SUPPLIED MATERIAL:

- - - - - - -

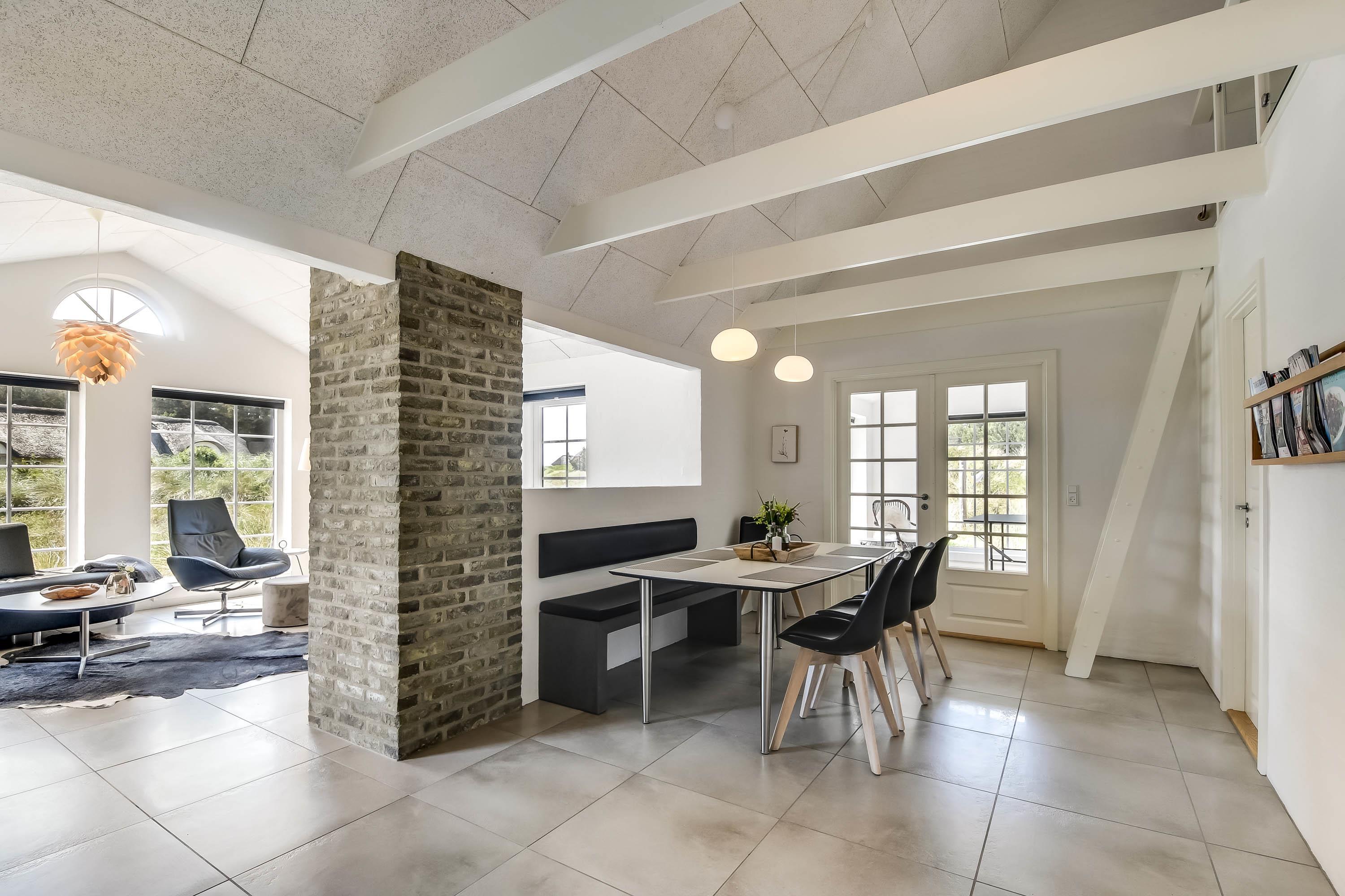Det rummelige køkken/alrum ligger i åben forbindelse med stuen, hvor den flotte brændeovnsindsats spreder varme og feriestemning.
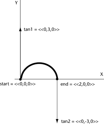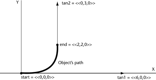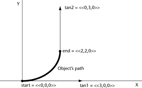 When you play the animation, the object moves from the start point <0,0,0> along a curve to the end point <2,2,0>. The tangent vector <3,0,0> sets the curve’s direction and shape as it leaves the start point. The tangent vector <0,3,0> sets the curve’s direction and shape as it approaches the end point.
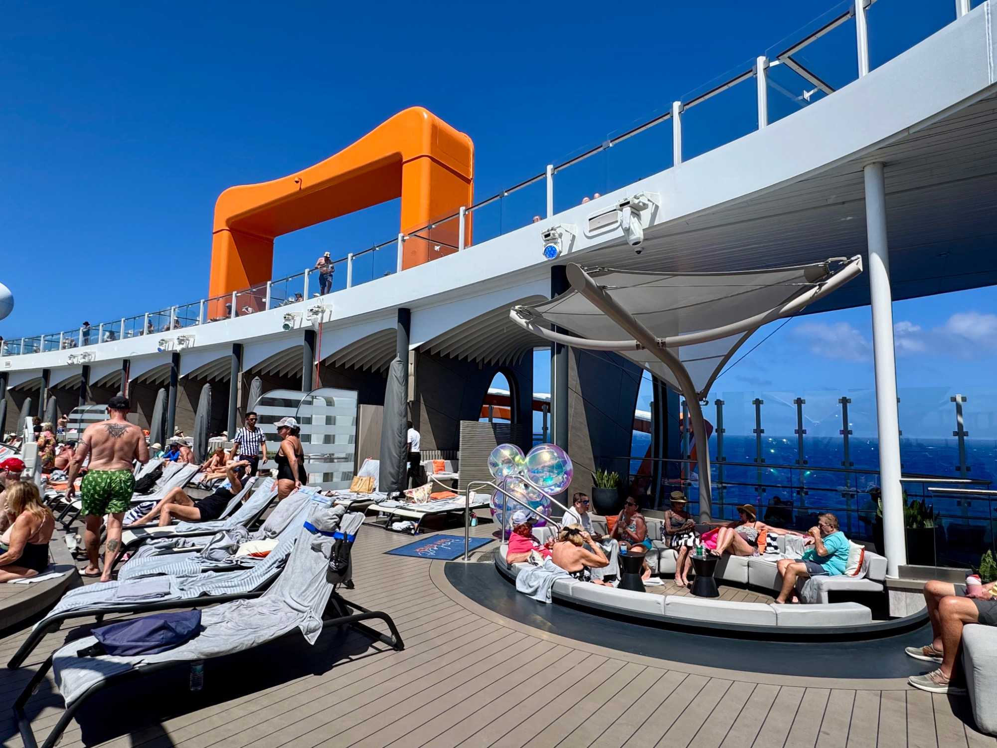 Les ponts supérieurs deviennent rapidement des lieux de rencontre animés. On s’y installe pour discuter, rire et profiter simplement du moment. Certains alternent entre baignade et lecture à l’ombre, pendant que d’autres explorent les boutiques du navire, tentent leur chance au casino ou se retrouvent autour d’un jeu de cartes. Chacun compose sa journée selon ses envies, sans contrainte ni horaire.

- - - - - - -

WHAT YOU HAVE TO DO:
Please return each line of the listing exactly as written, excluding the images.

SOLVED PROBLEM:
Det rummelige køkken/alrum ligger i åben forbindelse med stuen, hvor den flotte brændeovnsindsats spreder varme og feriestemning.
 When you play the animation, the object moves from the start point <0,0,0> along a curve to the end point <2,2,0>. The tangent vector <3,0,0> sets the curve’s direction and shape as it leaves the start point. The tangent vector <0,3,0> sets the curve’s direction and shape as it approaches the end point.
 Les ponts supérieurs deviennent rapidement des lieux de rencontre animés. On s’y installe pour discuter, rire et profiter simplement du moment. Certains alternent entre baignade et lecture à l’ombre, pendant que d’autres explorent les boutiques du navire, tentent leur chance au casino ou se retrouvent autour d’un jeu de cartes. Chacun compose sa journée selon ses envies, sans contrainte ni horaire.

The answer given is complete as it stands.